Try it:
Look through the listing below for the line with "水を炊飯器の線にぴったり合わせて、スイッチオン。ここまでが1時間目です。" and the line with "This page presents". Copy both, along with every line between them, exactly and with no pictures.

Data excerpts:
Start of Block

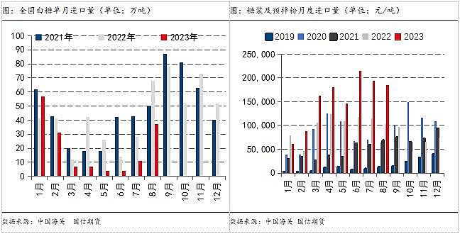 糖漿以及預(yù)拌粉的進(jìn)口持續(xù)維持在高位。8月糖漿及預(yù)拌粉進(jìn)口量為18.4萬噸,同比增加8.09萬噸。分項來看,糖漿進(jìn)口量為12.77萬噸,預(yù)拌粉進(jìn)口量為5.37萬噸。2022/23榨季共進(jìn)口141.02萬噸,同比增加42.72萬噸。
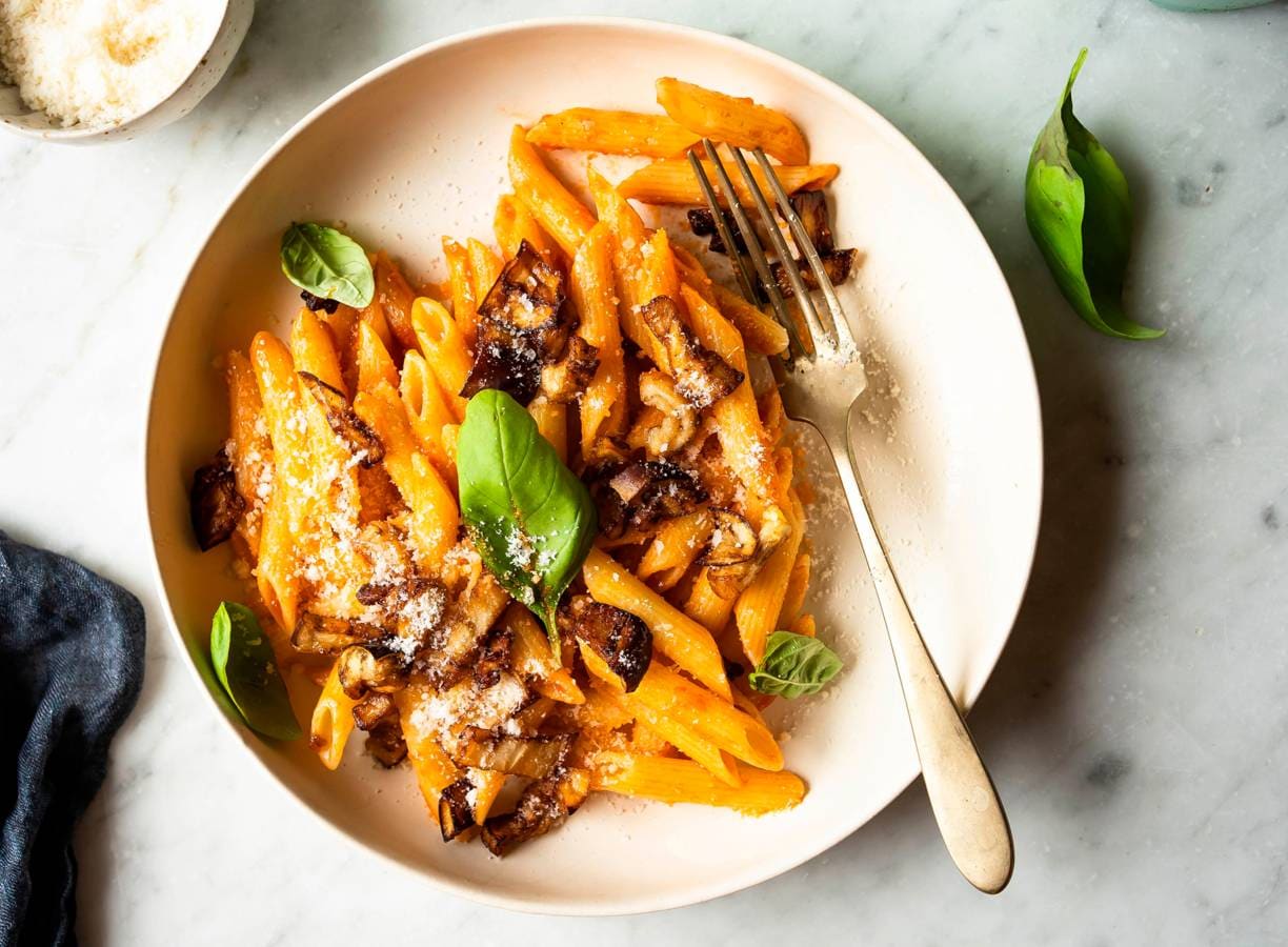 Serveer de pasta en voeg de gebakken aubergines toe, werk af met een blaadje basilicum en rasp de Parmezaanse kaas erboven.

End of Block
Start of Block

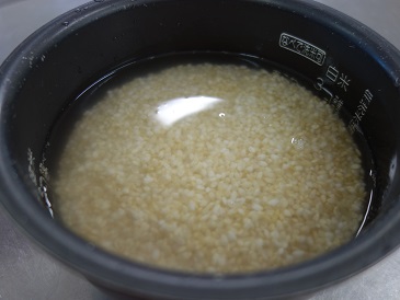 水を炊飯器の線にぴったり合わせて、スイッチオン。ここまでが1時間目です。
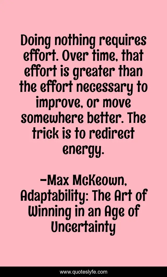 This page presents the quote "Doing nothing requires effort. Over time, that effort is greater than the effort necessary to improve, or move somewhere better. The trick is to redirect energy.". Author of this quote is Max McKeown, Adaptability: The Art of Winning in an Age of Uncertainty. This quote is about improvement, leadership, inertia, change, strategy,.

End of Block

Result below:
 水を炊飯器の線にぴったり合わせて、スイッチオン。ここまでが1時間目です。
 This page presents the quote "Doing nothing requires effort. Over time, that effort is greater than the effort necessary to improve, or move somewhere better. The trick is to redirect energy.". Author of this quote is Max McKeown, Adaptability: The Art of Winning in an Age of Uncertainty. This quote is about improvement, leadership, inertia, change, strategy,.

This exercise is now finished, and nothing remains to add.